The European Space Agency (ESA) has come up with two potential designs which they hope will be used to put humans into a state of hibernation when they eventually make the long journey to Mars and beyond.
The designs come after a recent study which was conducted by the EAS. The study found that putting humans to sleep on extended voyages would not only have health benefits, it would save money and make for an efficient space ship design.
Depending on the speed of the launch, and the alignment of Earth and Mars, the journey could take between 150-300 days (between 4 and 9 months) with many reports calling such a long journey a suicide mission.
This is because astronauts would be exposed to elements like space radiation, space psychosis (space madness) and space atrophy (muscle loss). This is where the ESA’s hibernation pod comes into play. The agency believes that placing humans in a state of hibernation could potentially mitigate these issues.

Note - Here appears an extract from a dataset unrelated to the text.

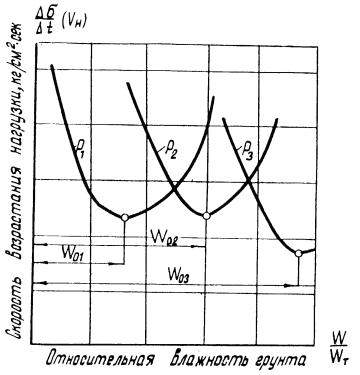 Как видно из таблицы 1, конструкции дорожных одежд с использованием грунтощебня обладают высокой экономической эффективностью, причём, наибольшая эффективность достигается при применении грунтощебня в конструкциях дорожных одежд с эквивалентным модулем упругости Еэкв = 1300 кг/см2. ПРИЛОЖЕНИЕ I.МЕТОДИКА ПРОЕКТИРОВАНИЯ СОСТАВОВ ГРУНТОЩЕБЕНОЧНЫХ СМЕСЕЙДля получения материала с прочной и долговечной структурой, устойчивой при переменном режиме увлажнения и промерзания, чрезвычайно важным является правильное назначение состава грунтощебня. При назначении состава грунтощебня следует исходить из условия достижения наилучшей технологичности и наиболее высокой для данных исходных материалов прочности грунтощебня. Технологичность грунтощебня оценивается по показателям перемешиваемости, уплотняемости, оптимальной влажности и плотности, а прочность грунтощебня- модулю упругости, по пределу долговременного сопротивления при сжатии. Одним из основных вопросов при проектировании составов грунтощебня является также нахождение оптимального количества щебня в смеси. Оптимальное количество щебня зависит от прочности каменного материала, из которого приготовлен щебень. Чем прочнее щебень, тем большее количество его может быть допущено в смеси из условия обламывания углов и ребер щебенок; чем слабее щебень, тем относительно меньшее количество его может применяться в смеси с тем, чтобы не допустить грунтощебень работать по схеме заклинки, при которой слабо прочный щебень интенсивно разрушается. Оптимальное количество щебня по прочности должно находиться во взаимосвязи с оптимальным количеством щебня по уплотняемости. Уплотняемость грунтощебеночных смесей различного состава оценивается величиной средней скорости возрастания нагрузки при постоянной скорости деформирования. Другими словами, устанавливается зависимость приращения нагрузки в единицу времени от объемного веса грунтощебня при условии, что скорость относительной деформации будет поддерживаться постоянной, т. е.

According to an article from ESA, “We looked at how an astronaut team could be best put into hibernation, what to do in case of emergencies, how to handle human safety and even what impact hibernation would have on the psychology of the team. Finally, we created an initial sketch of the habitat architecture and created a roadmap to achieve a validated approach to hibernate humans to Mars within 20 years.”
The idea behind the hibernation pods would involve astronauts gaining a substantial amount of weight before being placed into a state of hibernation. This is to ensure that their bodies will have enough calories to survive while unconscious.
The pods would be fitted with a soft shell, and according to the ESA, it would be able to cool down and become dark once the hibernation period has begun. Astronauts will then be given 21 days to help regain any lost mass and recover from the hibernation.
Image credit: ESA
Due to the lack of conscious humans aboard the spacecraft, AI technology would be needed to keep the spaceship operational. The pods will keep the astronauts safe from space radiation. We’re still decades away from this technology becoming a viable means of transportation. Although growing interest in the field has lead to some interesting research which includes how hibernation affects brain-wave patterns.